▶ Exercise
All of the lines below need to be copied exactly, apart from the pictures.

▶ Data excerpt
------

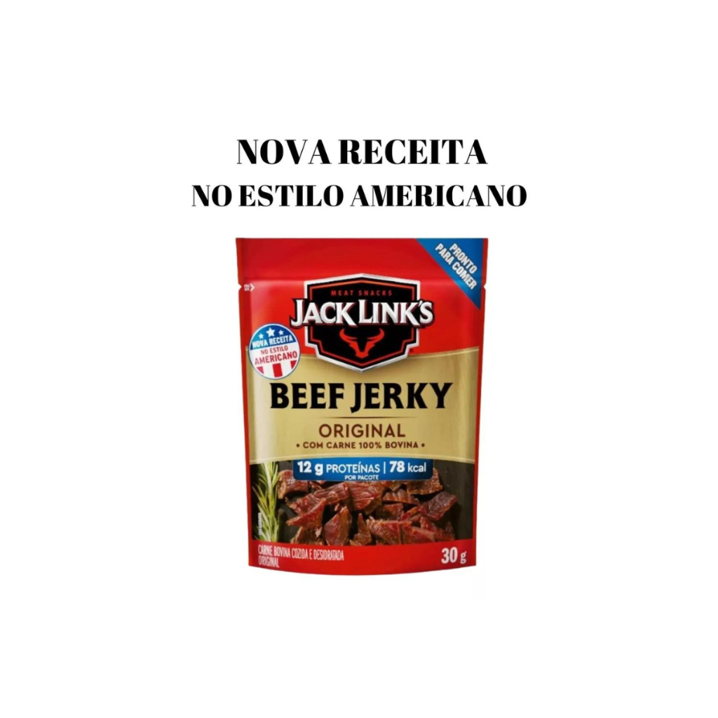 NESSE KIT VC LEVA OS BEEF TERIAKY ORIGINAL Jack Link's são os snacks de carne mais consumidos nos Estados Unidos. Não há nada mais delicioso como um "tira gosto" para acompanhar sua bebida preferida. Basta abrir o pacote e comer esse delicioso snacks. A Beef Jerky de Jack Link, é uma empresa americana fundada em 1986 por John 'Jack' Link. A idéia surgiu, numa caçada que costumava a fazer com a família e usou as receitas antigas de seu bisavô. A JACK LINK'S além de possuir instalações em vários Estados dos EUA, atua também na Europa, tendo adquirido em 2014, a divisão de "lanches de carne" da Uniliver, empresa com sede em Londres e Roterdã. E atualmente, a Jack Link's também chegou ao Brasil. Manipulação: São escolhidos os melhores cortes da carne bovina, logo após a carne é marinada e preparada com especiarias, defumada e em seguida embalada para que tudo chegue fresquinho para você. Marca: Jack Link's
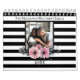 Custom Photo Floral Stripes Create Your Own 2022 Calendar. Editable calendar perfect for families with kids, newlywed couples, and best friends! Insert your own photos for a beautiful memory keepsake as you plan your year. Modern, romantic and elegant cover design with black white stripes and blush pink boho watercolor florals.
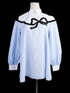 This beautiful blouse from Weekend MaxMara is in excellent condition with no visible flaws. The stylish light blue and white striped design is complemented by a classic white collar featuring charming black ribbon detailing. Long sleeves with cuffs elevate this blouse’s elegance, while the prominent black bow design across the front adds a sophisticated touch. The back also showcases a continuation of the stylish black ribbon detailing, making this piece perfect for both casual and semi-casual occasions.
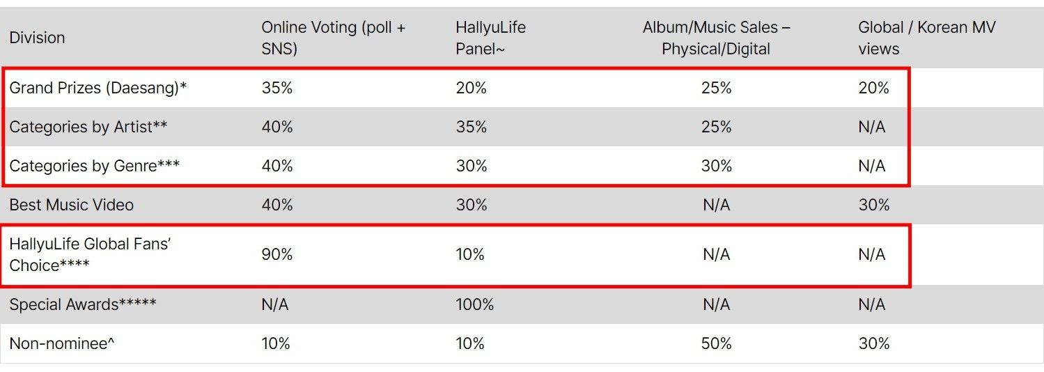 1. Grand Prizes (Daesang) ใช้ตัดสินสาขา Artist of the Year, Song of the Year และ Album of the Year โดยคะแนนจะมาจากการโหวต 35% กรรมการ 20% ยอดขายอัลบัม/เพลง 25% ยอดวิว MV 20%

------

▶ Result for this exercise
 NESSE KIT VC LEVA OS BEEF TERIAKY ORIGINAL Jack Link's são os snacks de carne mais consumidos nos Estados Unidos. Não há nada mais delicioso como um "tira gosto" para acompanhar sua bebida preferida. Basta abrir o pacote e comer esse delicioso snacks. A Beef Jerky de Jack Link, é uma empresa americana fundada em 1986 por John 'Jack' Link. A idéia surgiu, numa caçada que costumava a fazer com a família e usou as receitas antigas de seu bisavô. A JACK LINK'S além de possuir instalações em vários Estados dos EUA, atua também na Europa, tendo adquirido em 2014, a divisão de "lanches de carne" da Uniliver, empresa com sede em Londres e Roterdã. E atualmente, a Jack Link's também chegou ao Brasil. Manipulação: São escolhidos os melhores cortes da carne bovina, logo após a carne é marinada e preparada com especiarias, defumada e em seguida embalada para que tudo chegue fresquinho para você. Marca: Jack Link's
 Custom Photo Floral Stripes Create Your Own 2022 Calendar. Editable calendar perfect for families with kids, newlywed couples, and best friends! Insert your own photos for a beautiful memory keepsake as you plan your year. Modern, romantic and elegant cover design with black white stripes and blush pink boho watercolor florals.
 This beautiful blouse from Weekend MaxMara is in excellent condition with no visible flaws. The stylish light blue and white striped design is complemented by a classic white collar featuring charming black ribbon detailing. Long sleeves with cuffs elevate this blouse’s elegance, while the prominent black bow design across the front adds a sophisticated touch. The back also showcases a continuation of the stylish black ribbon detailing, making this piece perfect for both casual and semi-casual occasions.
 1. Grand Prizes (Daesang) ใช้ตัดสินสาขา Artist of the Year, Song of the Year และ Album of the Year โดยคะแนนจะมาจากการโหวต 35% กรรมการ 20% ยอดขายอัลบัม/เพลง 25% ยอดวิว MV 20%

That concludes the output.